Yigong Shi is the Founding President of Westlake University and a professor in the School of Life Sciences. He received his Bachelor’s Degree in Biology with highest honors from Tsinghua University in 1989 and his Ph.D. in Biophysics from Johns Hopkins University School of Medicine in 1995. Following postdoctoral research at the Memorial Sloan-Kettering Cancer Center, he joined the faculty of Princeton University as an Assistant Professor in 1998, was promoted to Full Professor in 2003, and was named the Warner-Lambert/Parke-Davis Professor of Molecular Biology in 2007. In 2008, he resigned from Princeton University and returned to Tsinghua University, where he contributed to the development of its biomedical research community for a decade. In April 2018, he was elected as the Founding President of Westlake University.
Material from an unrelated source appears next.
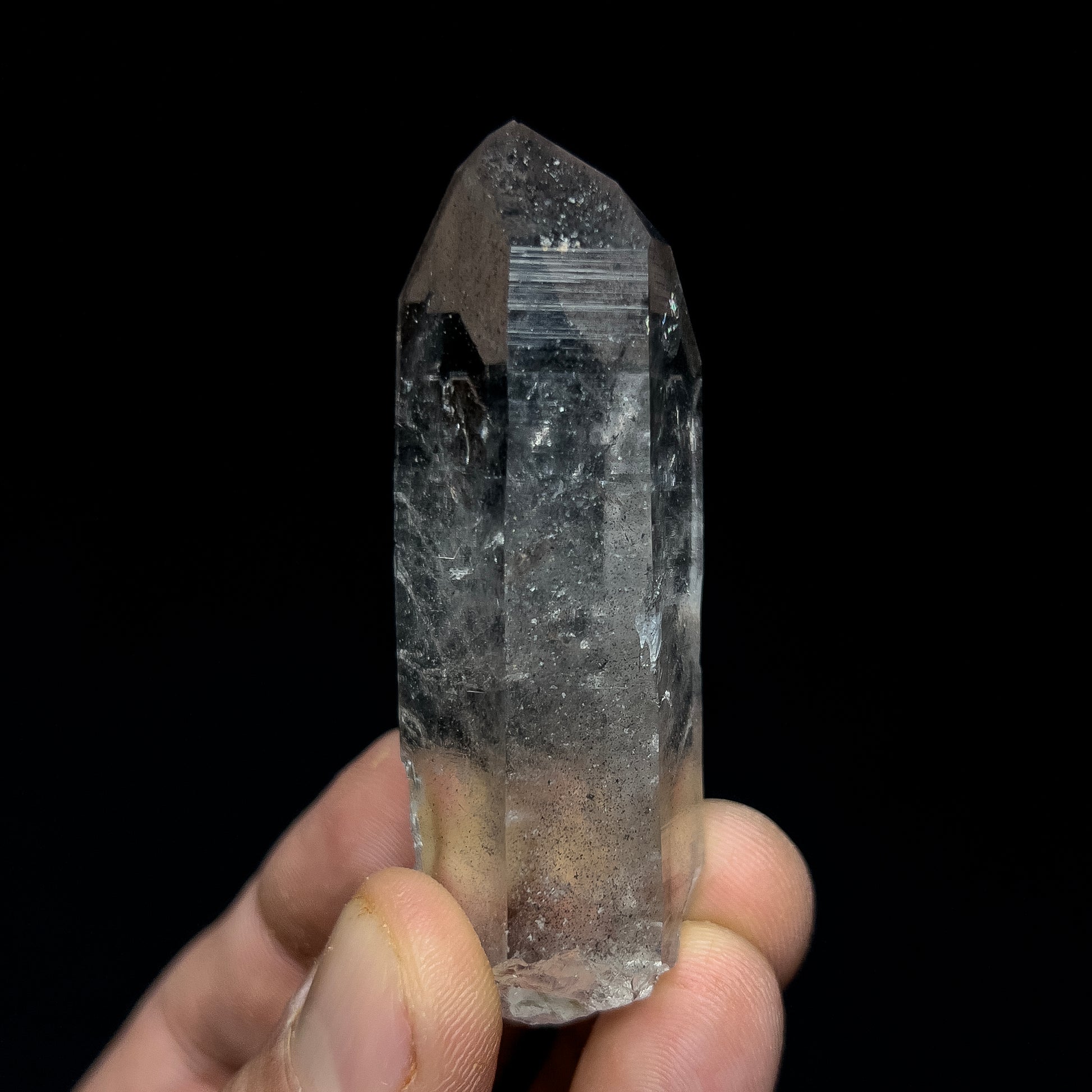 A very fine, light smoky quartz crystal with black inclusions from I Me Mine, near Jessieville, Arkansas. This crystal has a natural light grey hue to it and hosts black inclusions (presumably carbon) trapped just below the surface of the one of the back terminal faces. The luster is mirror-like, and the crystal has great transparency. There are two very minor dings (<1mm) on the edges and some contacting near the bottom but overall, the piece is in good condition. Custom mounting is available at checkout.

Shi’s research focuses on structural biology, with emphasis on the mechanisms of programmed cell death (apoptosis) and pre-mRNA splicing. His work has elucidated high-resolution structures of key molecular complexes, including components of the spliceosome and apoptosome. He has received numerous honors, including the 2003 Irving Sigal Young Investigator Award, the 2010 Sackler Prize in Biophysics, the 2014 Gregori Aminoff Prize in crystallography, the 2017 Future Science Prize in Life Sciences, the 2020 Tan Kah Kee Science Award, and the UNESCO-Equatorial Guinea International Prize for Research in the Life Sciences. Shi is an Academician of the Chinese Academy of Sciences, a Fellow of the American Association for the Advancement of Science, an Honorary Foreign Member of the American Academy of Arts and Sciences, a Foreign Associate of the European Molecular Biology Organization, and a Foreign Associate of the US National Academy of Sciences. He has published extensively in leading journals such as Cell, Nature, and Science, advancing understanding of fundamental biological processes with implications for disease research.